# Kian what's the correct pronUnciation?



## plastic

I have liked this name since first seeing it but am not 100% on the pronunciation 

If any one could give insight that would be great want to suggest to OH but want to be able to lay all the facts out because I know it will be a hard sell!


----------



## SugarBeth

I would pronounce it as Ky- ann.


----------



## Fascination

I pronounce it as Key-an x


----------



## Sini

Key-aan is how we say it :)


----------



## beccad

Kee-ann


----------



## cooch

Its and Irish name (they spell it Cian). Its pronounced Key-Ann


----------



## pixydust

Kee-un


----------



## MrsBop

Sini said:


> Key-aan is how we say it :)

:thumbup:


----------



## Lief

It's pronounced Keen here.


----------



## Hayley90

key-ann but not with an 'a' sound... more of a -unn sound. x


----------



## LunaRose

Key-un


----------



## Wishing_well

Key- un

But I have irish friends who pronounce it Keen.


----------



## dt1234565

I pronounce it like the name Ian but with K at the beginning.


----------



## AFC84

Wishing_well said:


> Key- un
> 
> But I have irish friends who pronounce it Keen.

WSS.


----------



## mum22ttc#3

Ive always pronounced it Key-un :flower:


----------



## MrsPoodle

Key-un for me too.


----------



## Honeyblossom

Keeuun


----------



## mummy.wannabe

Key un

I have Irish family and that's how I'd say it.


----------



## cooch

dt1234565 said:


> I pronounce it like the name Ian but with K at the beginning.

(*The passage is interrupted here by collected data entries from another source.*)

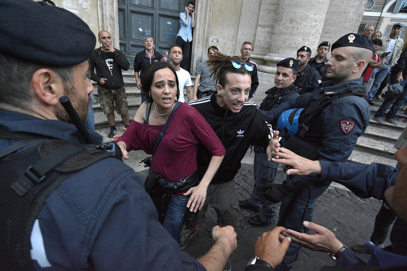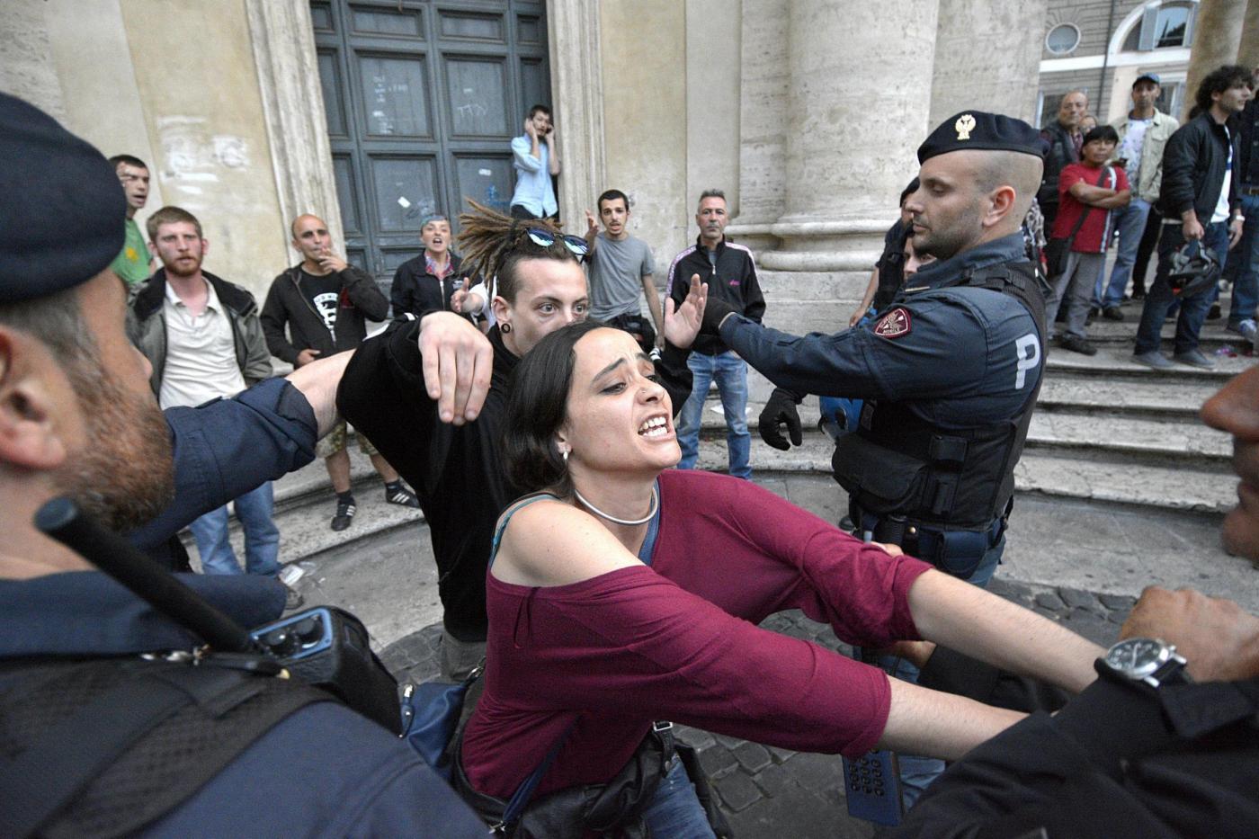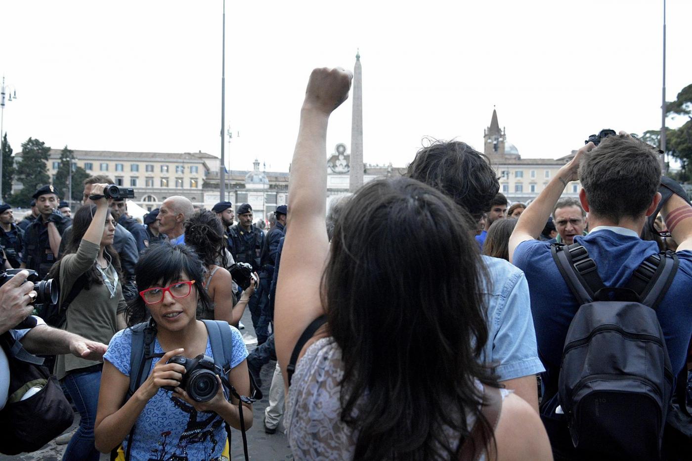 Durante il comizio un gruppo di persone che fanno riferimento ai movimenti per la casa ha tentato di entrare a piazza del Popolo e srotolare uno striscione, all’inizio della manifestazione elettorale del Pd.
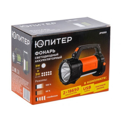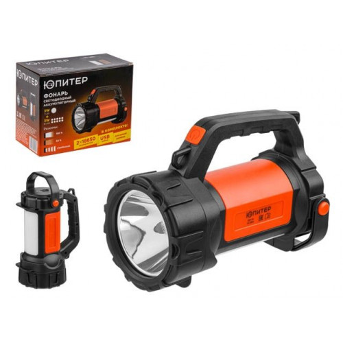 Фонарь светодиодный аккум. 3Вт+3Вт (оранж.) ЮПИТЕР
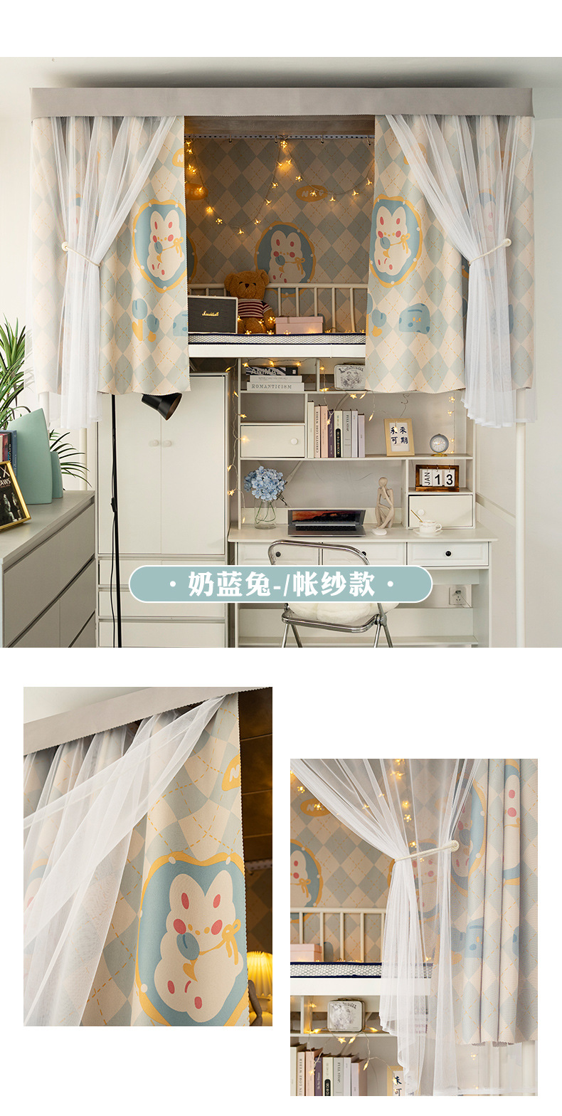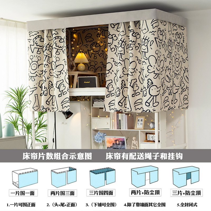 학생 기숙사 침대 커튼 두꺼운 강한 음영 커튼 대학 상부 침대 낮은 침실 소녀 커튼 그늘 옷감 침대 커튼스토어 가기

This is actually probably the best way to describe the pronunciation x


----------



## whiby

cooch said:


> dt1234565 said:
> 
> 
> I pronounce it like the name Ian but with K at the beginning.
> 
> This is actually probably the best way to describe the pronunciation xClick to expand...

Agree with this


----------



## ProudMummyy

Key-Un :) it was our boys name but someone else stole it! :(


----------



## LunaRose

Key-un 

... Whoops! Posted twice!


----------



## Lauren25

Key-unn


----------



## MrsSaraKate

My first thought was Key-un.


----------



## Lief

As an Irish name this is how it's pronounced here.

https://www.youtube.com/watch?v=8KzsexfCrCY

I think it depends on where you're from though, I have some family in England and they pronounce it differently.


----------